> _Work order_
Directions for the data below: repeat exactly the lines from the one with "一條船駛入西沙晉卿島的航道(2017年4" through the one with "鉄板を敷設し、仮設道を作っていきます。", both included, and omit all pictures.

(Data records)
--------------------------------------------------

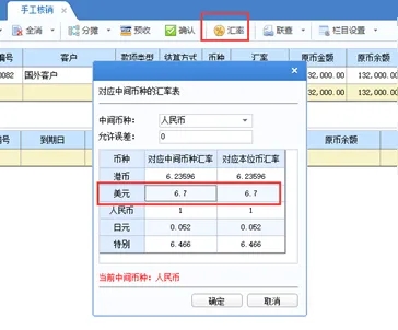 Ø 关于【汇率】设置方面:注意一定要维护手工核销界面的【汇率】,如果不点击【汇率】维护信息,则手工核销界面无法正常计算销售发票的结算金额;其中“对应中间币种汇率”和“对应本位币汇率”一般按当期的汇率维护。
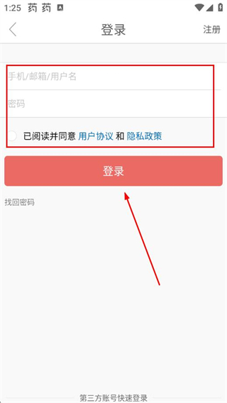 3、輸入手機(jī)/郵箱/用戶名和密碼,勾選協(xié)議點(diǎn)擊登錄即可。
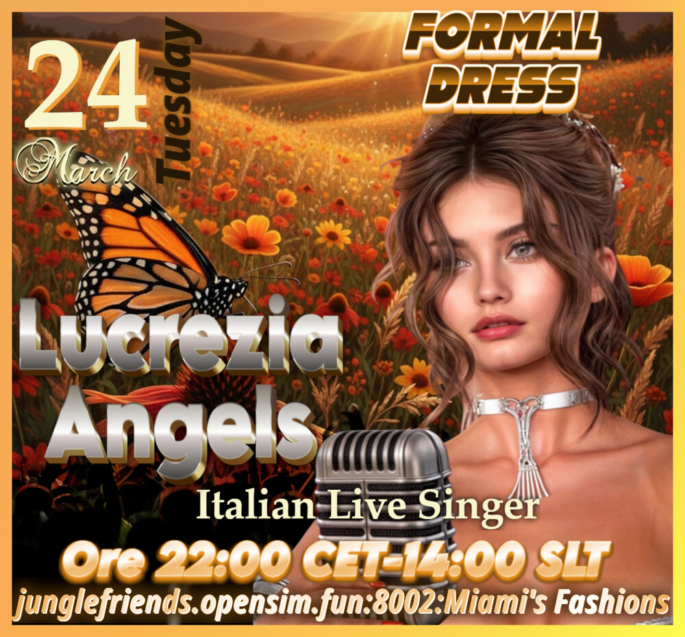 " Lucrezia Angels " Italian Live Singer in Concertin 17 hours | 2026-03-24 14:00 SLT | Miami's Fashions | Added by Mariposita MiamiYou are invited to the sweet Lucrezia's concert at Jungle Friends in a fantastic atmosphere with true friends!!!
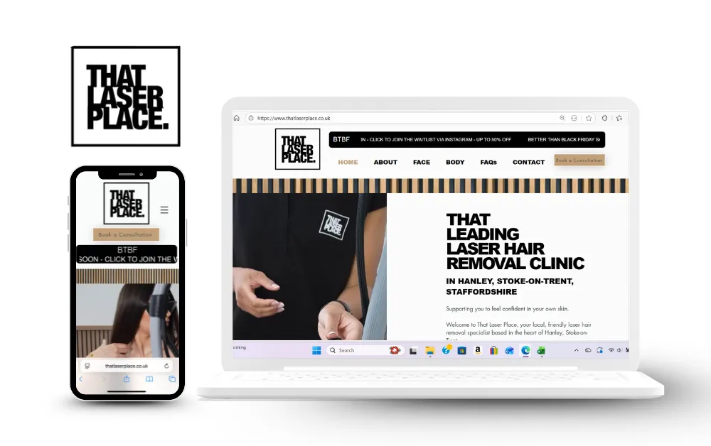 A bold, modern website for a fast-growing laser clinic in Stoke-on-Trent. Strong monochrome branding and sharp visuals help build trust and showcase their treatments. Fully mobile optimised with a clear layout, service pages and a simple sign-up form for enquiries and offers.
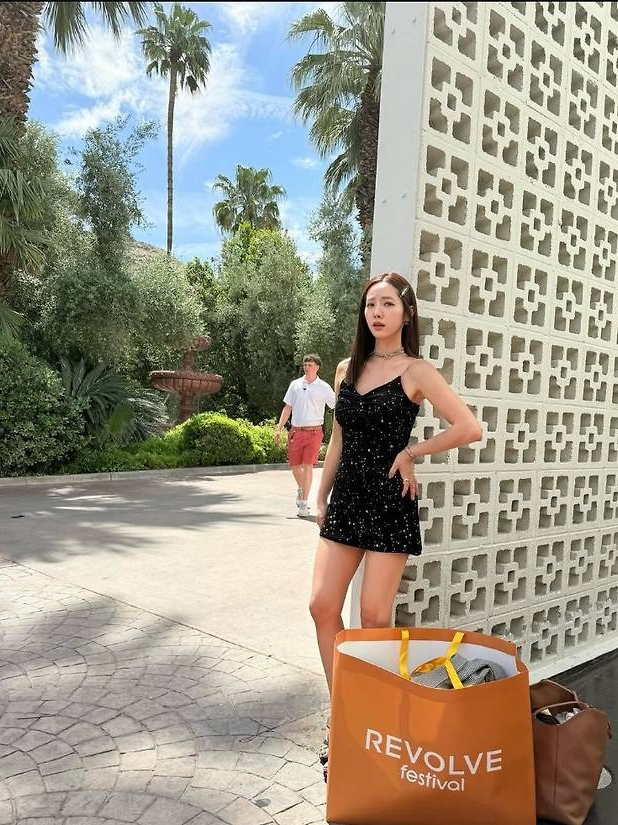 특히 블루 컬러 클러치와 블랙 스트랩 힐은 세련된 페스티벌 감성을 살려주며, 정순주 표 휴양지 글램룩의 진수를 보여줬습니다.
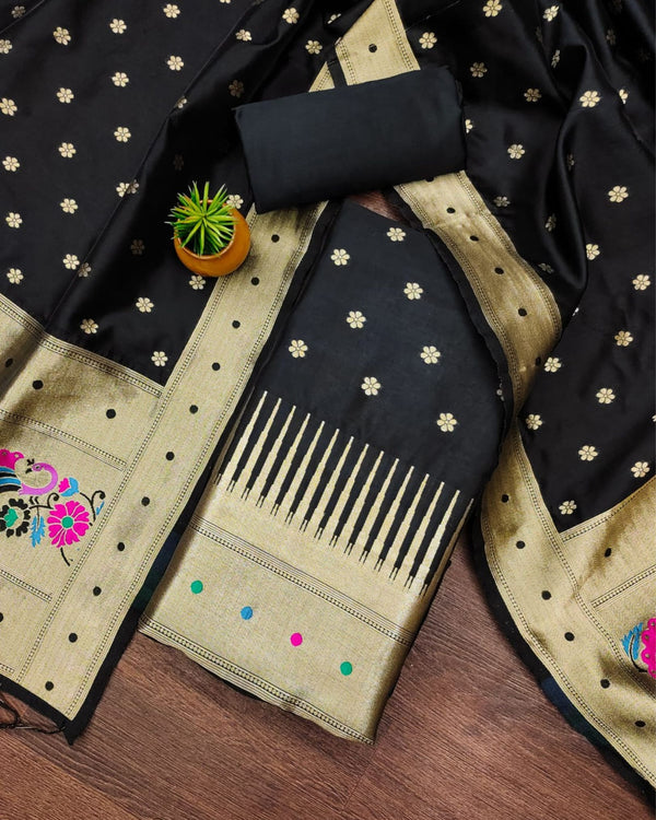Elevate your ethnic charm with our Banarasi Lichi Silk Suit featuring exquisite brocade weaving. ... Read more
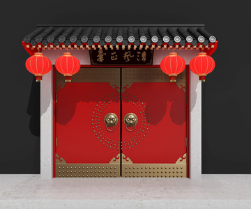 中式古建门头,红漆,寺庙大门,
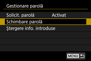 Puteţi modifica parola pe care trebuie să o introduceţi când butonul de alimentare este setat la sau când camera reia operarea din închiderea automată.
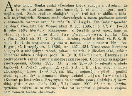 *) Laskavostí p. Dr. Karla Mareše, c. k. soudního adjunkta v Novém Městě na Moravě, dostal jsem zápisky p. Františka Vanička, náměstka c. k státního zástupce v Hradci Krájov-. Vedle praktických poznámek, jak si má soudce počínati řídě vyšetřování prohnauých šejdířů, zlodějů a šibalů, obsahují papíry ty řadu úryvkovitých rozmluv. Jmenovaným pánům sluší vzdáti dík Autor.
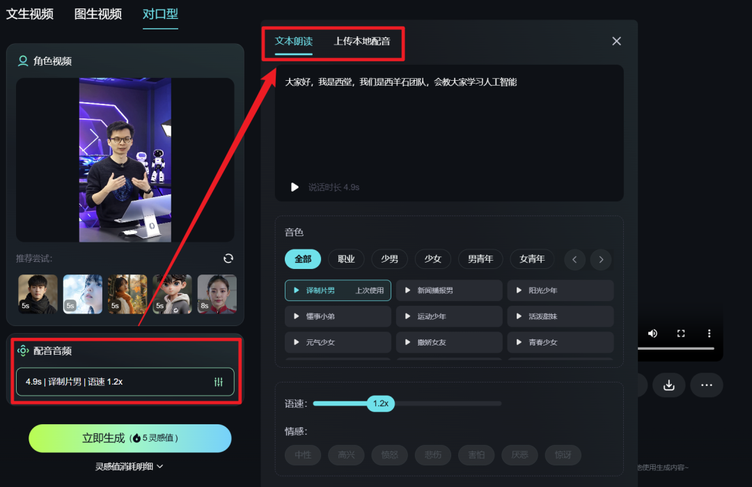 如果选择 文本驱动,还能挑选音色,输入想说的文本就能生成数字人讲解这段话的视频。
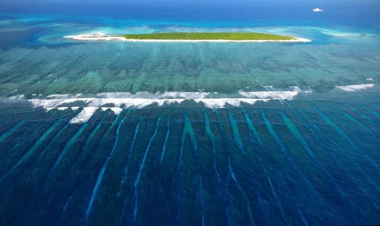 一條船駛入西沙晉卿島的航道(2017年4月23日無人機拍攝)。新華社記者 郭程 攝
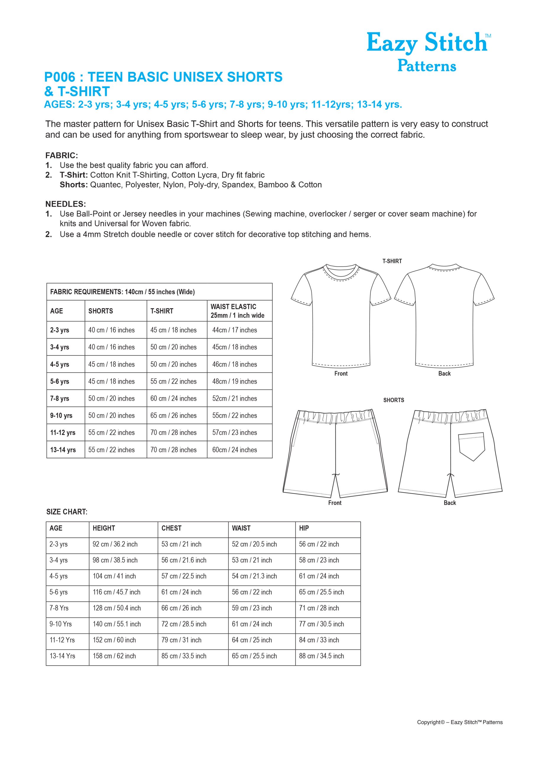 The master pattern for Unisex Basic T-Shirt and Shorts for kids to teens. This versatile pattern is very easy to construct and can be used for anything from sportswear to sleep wear, by just choosing the correct fabric.
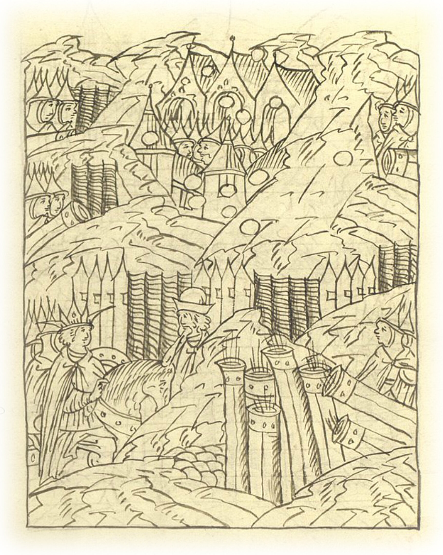 И приказал государь боярину своему Михаилу Яковлевичу Морозову вокруг всего города пушки поставить и бить беспрестанно по городу.
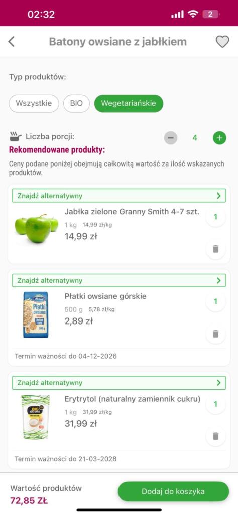 - Automatyczne dodawanie składników do koszyka z dopasowaniem gramatur, marek i opakowań do liczby porcji.
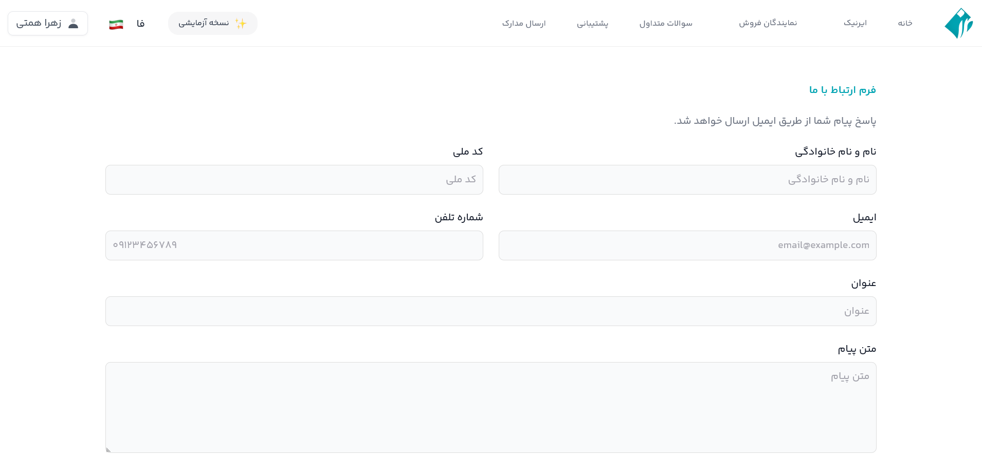 در این بخش کاربران میتوانند درخواستهای خود را به تیم پشتیبانی سایت نیک ارسال کنند:
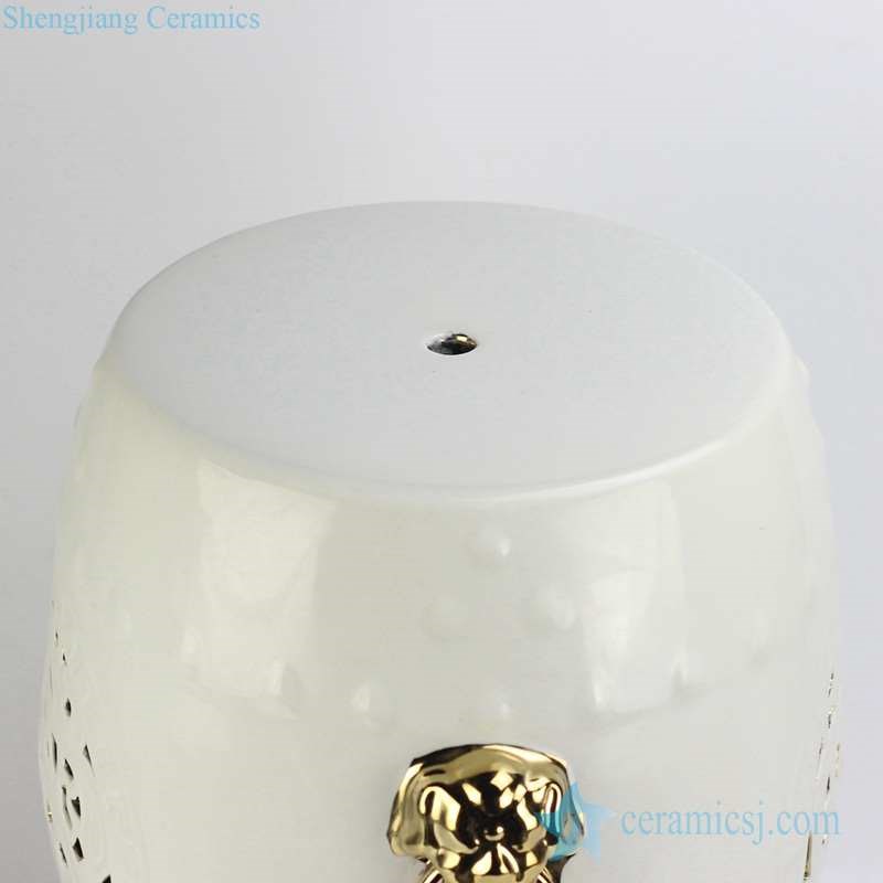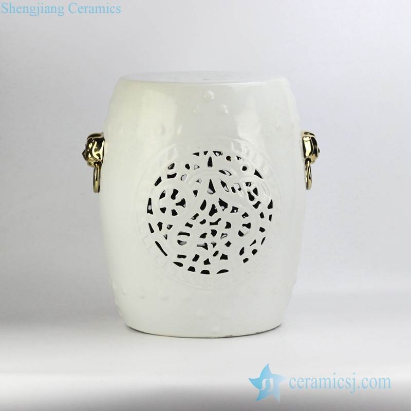 Popular export item white glaze golden lion handle unique design ceramic stool
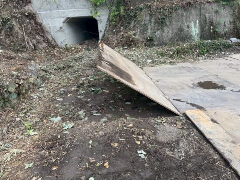 鉄板を敷設し、仮設道を作っていきます。
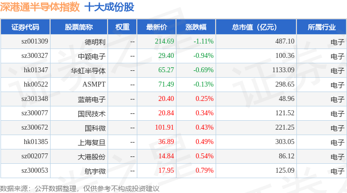 证券之星消息,12月12日,深港通半导体(983067)指数报收于14124.99点,涨1.91%,成交457.67亿元,换手率3.49%。当日该指数成份股中,上涨的有35家,赛微电子以11.52%的涨幅领涨,下跌的有4家,德明利以1.11%的跌幅领跌。
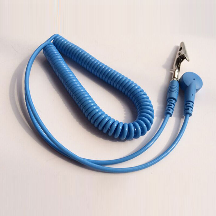 The coil grounding cord is designed to use with wrist strap or connect to ESD mat or earthing plate to drain away static discharge protecting electronic sensitive devices from static discharge. Apply in circuit production or assembly line, CMOS chip, microprocessor, semiconductor, dish drivers, composites, LCD screen product, precision instrument, optics part and so on.
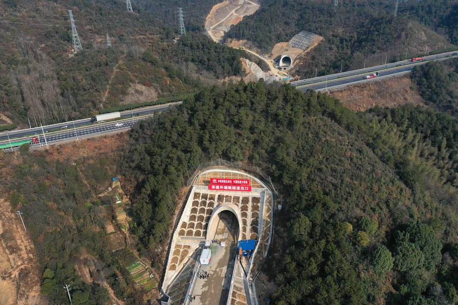 2024年1月6日拍攝的位于浙江省建德市境內的杭衢鐵路(建衢段)外塘畈隧道口(無人機照片)。 杭衢鐵路(建衢段)是我國首條采用“PPP(政府與社會資本合作)+EPC(設計施工總承包)”模式運作的高鐵項目。新華社記者 黃宗治 攝
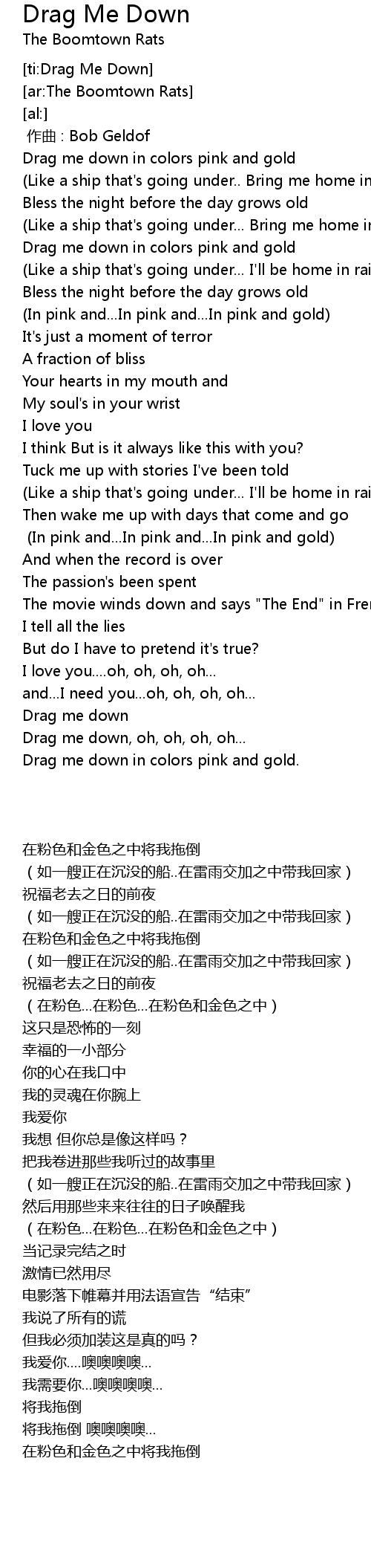 | [03:25.26] | Drag me down, oh, oh, oh, oh... |
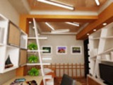 Для комнаты-студии оптимально зонирование пространства. Это может быть пол разного уровня, различные напольные покрытия, цветовые решения либо отделка различными материалами, использование открытых стеллажей.
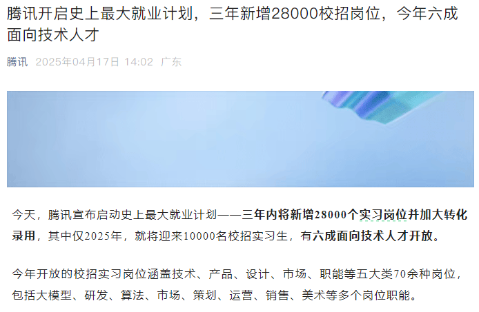 腾讯启动史上最大就业计划!网友:这下子“企鹅岛”不缺人了
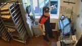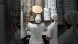 بيتزا Seecafé الإيطالي في هاناو، ألمانيا, صانع البيتزا ينفذ تظهر بين الزبائن في المطعم. بمهارة فائقة, تدور عجينة البيتزا في يد, جعل شعوذة مثيرة للإعجاب.
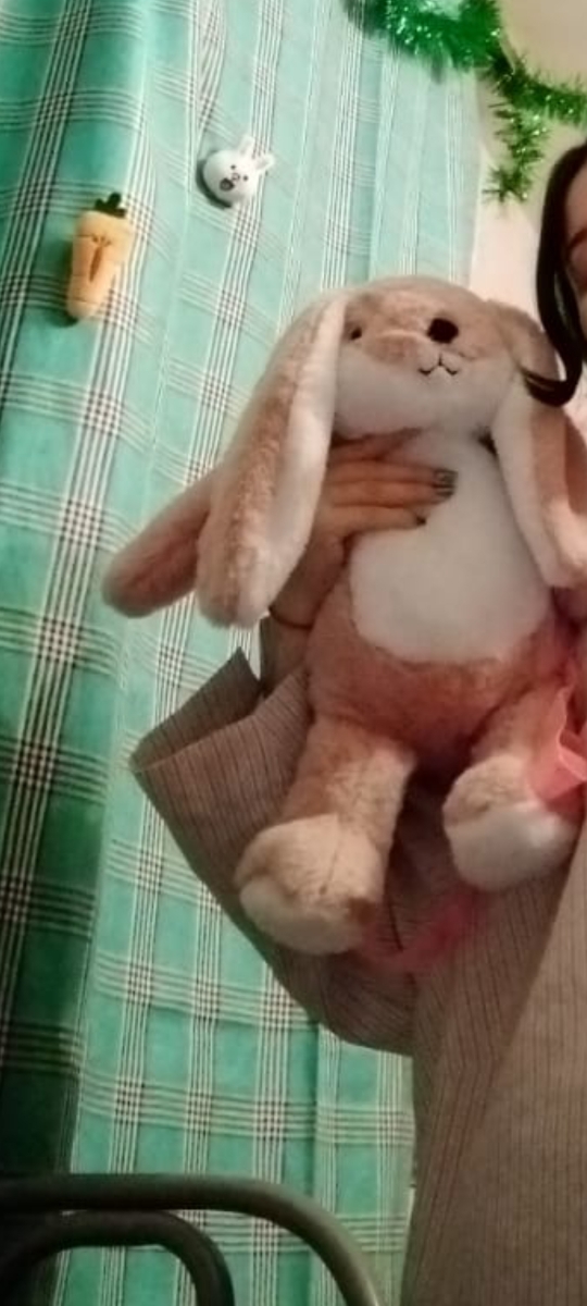 Мягкая игрушка брелок Плюш Ленд Зайка в короне, кремовый

--------------------------------------------------

> _Task result_
 一條船駛入西沙晉卿島的航道(2017年4月23日無人機拍攝)。新華社記者 郭程 攝
 The master pattern for Unisex Basic T-Shirt and Shorts for kids to teens. This versatile pattern is very easy to construct and can be used for anything from sportswear to sleep wear, by just choosing the correct fabric.
 И приказал государь боярину своему Михаилу Яковлевичу Морозову вокруг всего города пушки поставить и бить беспрестанно по городу.
 - Automatyczne dodawanie składników do koszyka z dopasowaniem gramatur, marek i opakowań do liczby porcji.
 در این بخش کاربران میتوانند درخواستهای خود را به تیم پشتیبانی سایت نیک ارسال کنند:
 Popular export item white glaze golden lion handle unique design ceramic stool
 鉄板を敷設し、仮設道を作っていきます。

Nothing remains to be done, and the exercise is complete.